[Records supplied — start]

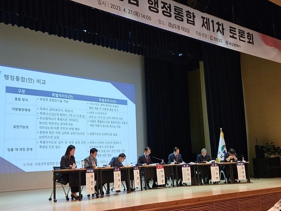 경남도와 부산시는 27일 오후 2시 도청 신관 대강당에서 부산-경남 행정통합 추진 제1차 토론회를 가졌다.
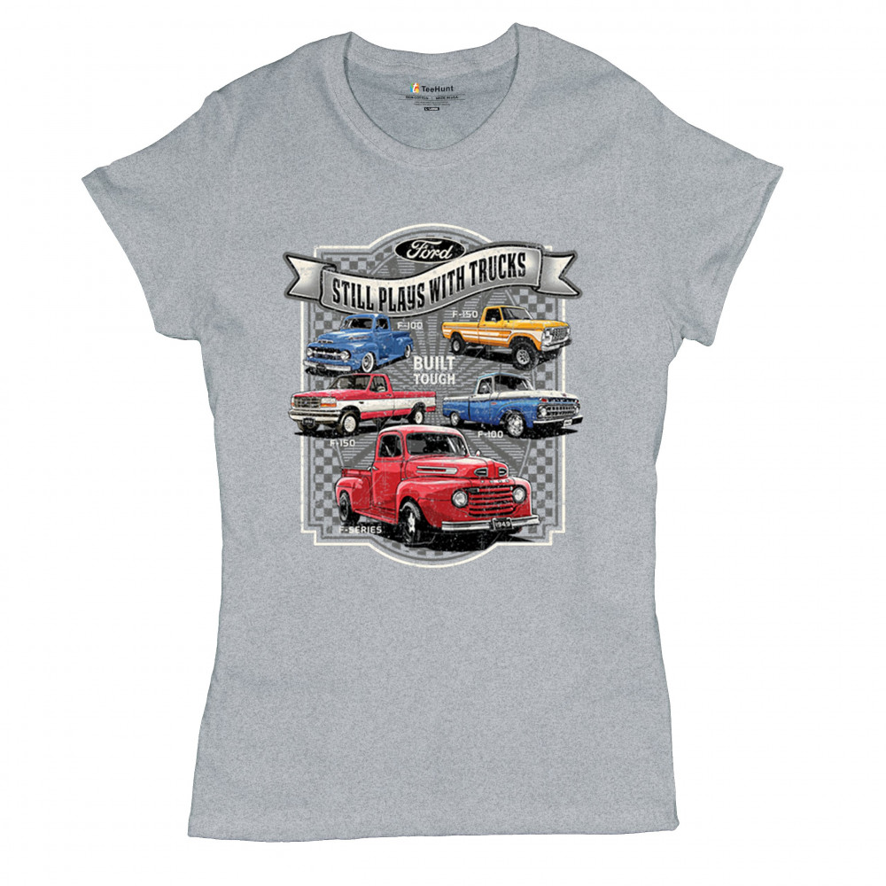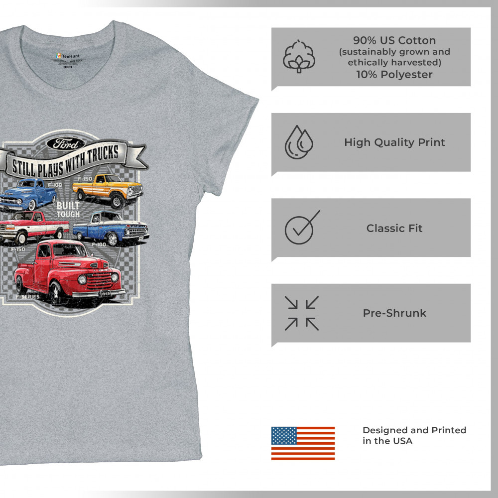 Features classic Ford F-Series trucks from 1949 to F-150. Great for vintage truck fans, garage wear, car shows, and collectors who love pickups.
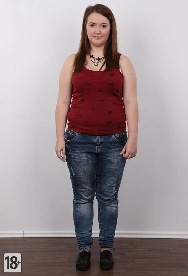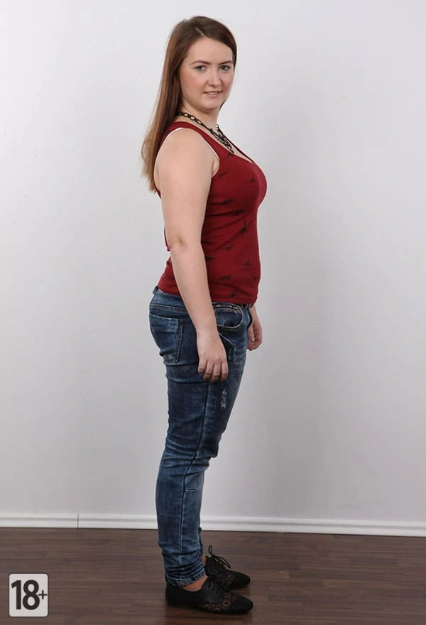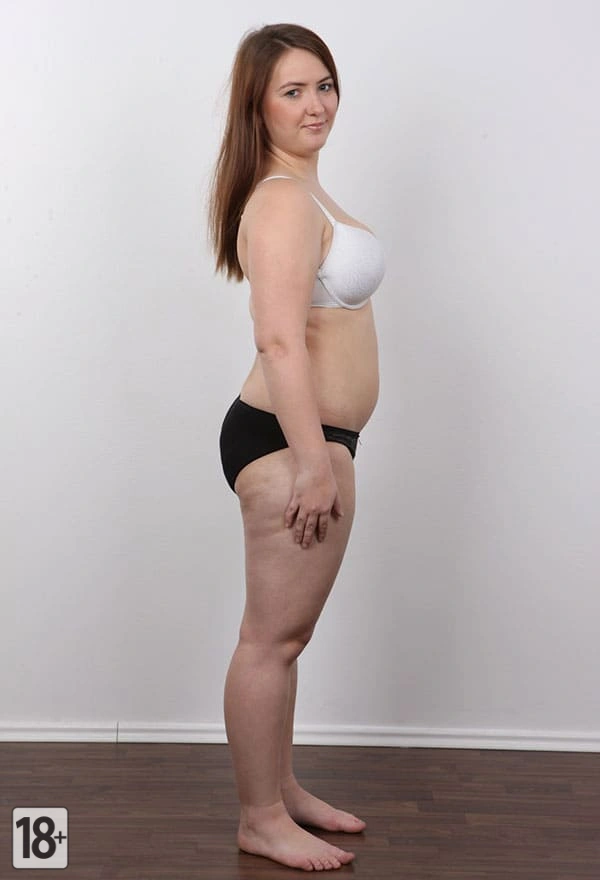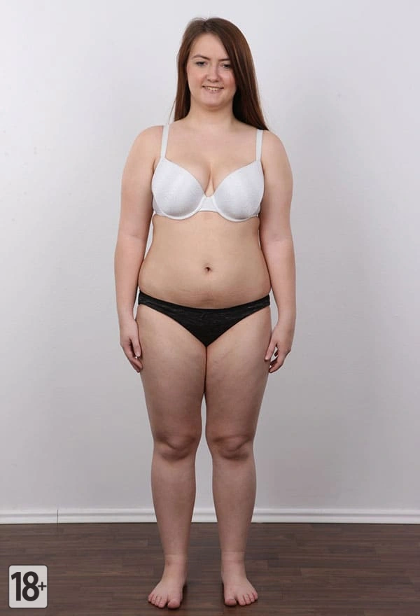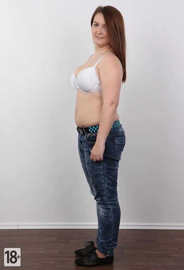 Толстая девушка раздевается на студийной порно фотосессии
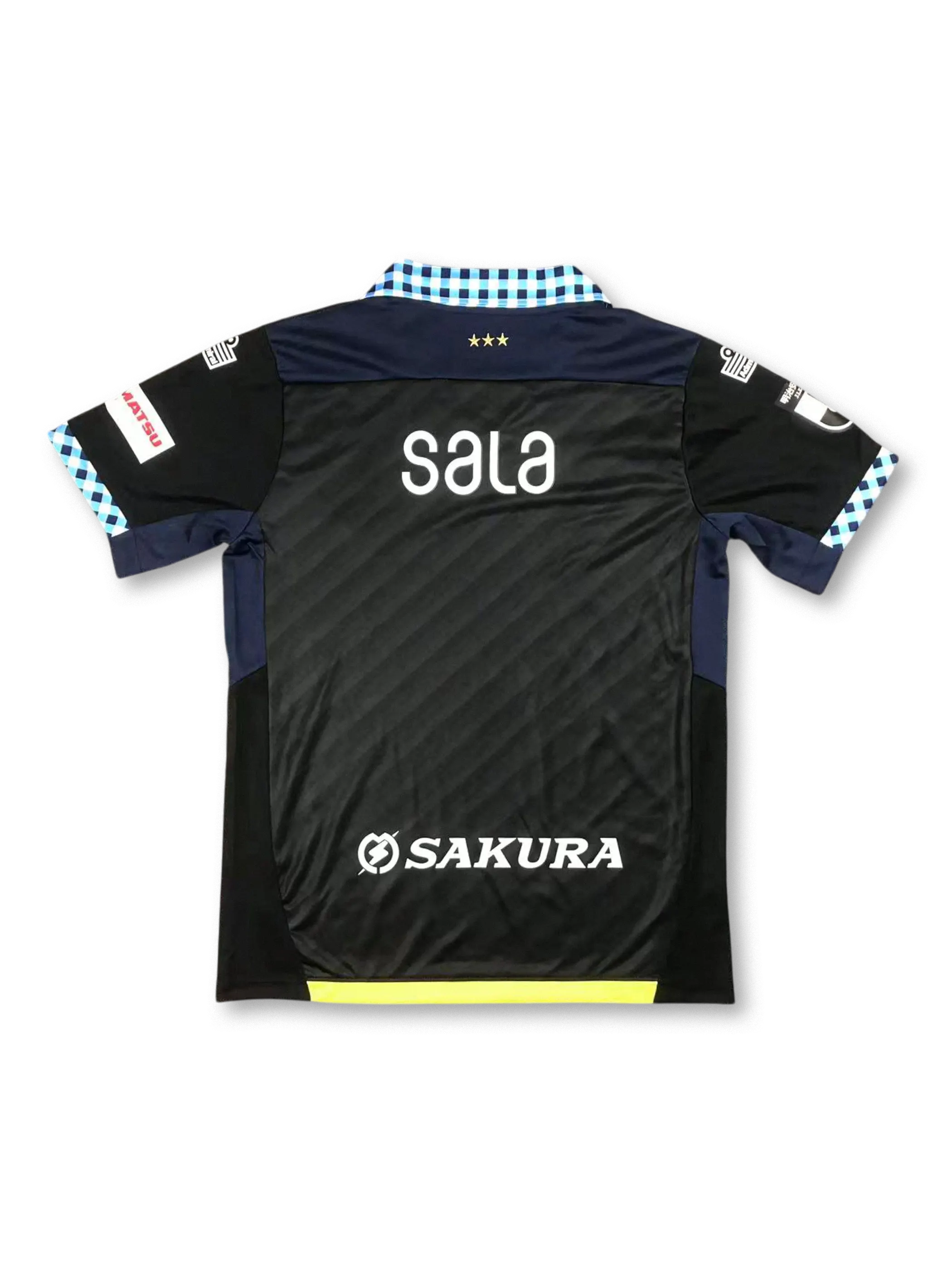 2024/25ジュビロ磐田セカンドアウェイジャージは、クラシックな黒とチェック柄襟が、チームの伝統と優雅さを表現する一着です。
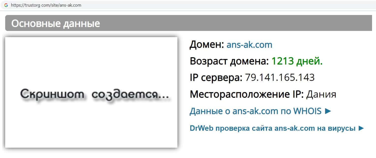 С помощью сайта "Доверие в Сети" мы решили узнать возраст интернет ресурса финансовых кидал Анс Ак. Оказалось, что фирма разводит пользователей уже более трёх лет.
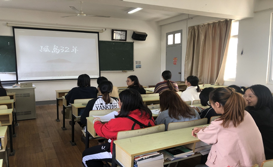 最后,我们集中观看了典型先进事迹纪录片《孤岛32年》。《孤岛32年》讲述了王继才、王仕花夫妇从1986年7月15日起接受了守岛任务,从此夫妻二人以海岛为家,默默坚守三十二年,把青春年华全部献给了祖国海防事业的感人故事。一朝上岛,一生卫国。我们敬佩王继才同志,几十年如一日,一直坚守在条件艰苦的小孤岛上,为了心中的那份信念,那份崇高理想,默默无闻的忠诚于革命事业,奉献了自己的全部精力。平凡的他在平凡的岗位上,守护家国谱写不平凡的人生华章。

[Records supplied — finish]

* _Exercise description_:
The reply should contain all of the data above, word for word, with no pictures.

* _Expected answer_:
 경남도와 부산시는 27일 오후 2시 도청 신관 대강당에서 부산-경남 행정통합 추진 제1차 토론회를 가졌다.
 Features classic Ford F-Series trucks from 1949 to F-150. Great for vintage truck fans, garage wear, car shows, and collectors who love pickups.
 Толстая девушка раздевается на студийной порно фотосессии
 2024/25ジュビロ磐田セカンドアウェイジャージは、クラシックな黒とチェック柄襟が、チームの伝統と優雅さを表現する一着です。
 С помощью сайта "Доверие в Сети" мы решили узнать возраст интернет ресурса финансовых кидал Анс Ак. Оказалось, что фирма разводит пользователей уже более трёх лет.
 最后,我们集中观看了典型先进事迹纪录片《孤岛32年》。《孤岛32年》讲述了王继才、王仕花夫妇从1986年7月15日起接受了守岛任务,从此夫妻二人以海岛为家,默默坚守三十二年,把青春年华全部献给了祖国海防事业的感人故事。一朝上岛,一生卫国。我们敬佩王继才同志,几十年如一日,一直坚守在条件艰苦的小孤岛上,为了心中的那份信念,那份崇高理想,默默无闻的忠诚于革命事业,奉献了自己的全部精力。平凡的他在平凡的岗位上,守护家国谱写不平凡的人生华章。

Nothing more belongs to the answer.